As ordens judiciais foram deferidas pela 2ª Vara Criminal de Barra do Garças e são cumpridas no município e nas cidades goianas de Aparecida de Goiânia e Aragoiânia. O cumprimento dos mandados conta com o apoio das equipes da Coordenadoria de Operações e Recursos Especiais (Core), da Polícia Civil de Mato Grosso, e da Polícia Civil de Goiás.

A operação, presidida pelo delegado Adriano Marcos Alencar, com apoio dos delegados Pablo Borges Rigo e Raphael Diniz, sob a coordenação do delegado regional de Barra do Garças, Wilyney Santana Borges, é um desdobramento das Operações Cenário Montado I e II, deflagradas nos meses de março e maio deste ano.

Início das investigações

As investigações, conduzidas pela 1ª Delegacia de Polícia de Barra do Garças, iniciaram em janeiro de 2025, inicialmente com o objetivo de apurar um esquema de fraudes em licitações no município de Pontal do Araguaia, após informações levantadas pelo Grupo de Atuação Especial de Combate ao Crime Organizado (Gaeco).

O esquema, realizado por meio de empresas do setor de produção de eventos e shows, era utilizado para fraudar processos licitatórios, que deram origem a Atas de Registro de Preços utilizadas de forma reiterada por diversos municípios, por meio de adesões (“caronas”), com valores expressivos e indícios de direcionamento e simulação de concorrência.

Somente nesses três pregões investigados em Pontal do Araguaia, os valores globais alcançaram aproximadamente R$ 25,8 milhões, com possibilidade legal de adesões que poderiam atingir, em tese, até R$ 51,7 milhões, considerando o limite máximo de 200% previsto na legislação.

Superfaturamento e manipulação de preços

As análises técnicas realizadas pela Polícia Civil demonstraram superfaturamento de até 372,09% em diversos itens licitados, tais como palcos, sistemas de iluminação, geradores, telões de LED e estruturas para eventos.

Após a deflagração das operações, uma pesquisa comparativa posterior revelou queda significativa e imediata nos preços, evidenciando que os valores anteriormente praticados estavam inflados artificialmente, reforçando a suspeita de manipulação de pesquisas de preços, repetição textual de orçamentos e ausência de competitividade real entre fornecedores.

Expansão do esquema

Com o avanço das investigações, constatou-se que o mesmo padrão fraudulento teria sido replicado em outros municípios da região, incluindo Barra do Garças, por meio de adesões a atas originadas em Pontal do Araguaia.

Em um pregão eletrônico do município de Barra do Garças, passaram a integrar o núcleo central da operação indícios de subcontratação integral irregular, execução contratual simulada e continuidade das atividades por empresas ligadas a grupos já sancionados judicialmente.

Com base nos elementos colhidos durante as investigações, houve representação pelas ordens judiciais, que foram deferidas pela Justiça.

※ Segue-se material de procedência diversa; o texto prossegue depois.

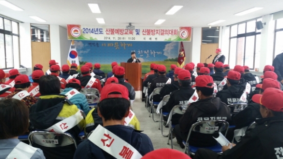 |  | | | ⓒ 김천내일신문 | | 지례면(면장 최주섭)에서는 지난 11월 26일 면사무소 회의실에서 행정의 현안사항 전달과 산불예방의 경각심을 심어주기 위하여 이장회의 및 산불예방 발대식을 가졌다.

O valor inicialmente identificado como prejuízo ao erário, a ser bloqueado e sequestrado, foi fixado em R$ 4.208.302,96, correspondente aos recursos públicos sob investigação no núcleo central da operação.

Nas fases anteriores, foi deferida medida judicial de sequestro de bens em valores superiores a R$ 21 milhões.

As investigações seguem em andamento, com análise aprofundada de documentos, dados bancários e telemáticos, não sendo descartadas novas fases, novas responsabilizações e ampliação do alcance das apurações, conforme o avanço técnico-probatório.

Cenário Montado

O nome da operação reflete a dinâmica do esquema fraudulento, em que empresas de fachada simulavam uma concorrência legítima em licitações públicas. O termo destaca o caráter forjado do processo, remetendo a algo previamente planejado para enganar a administração pública.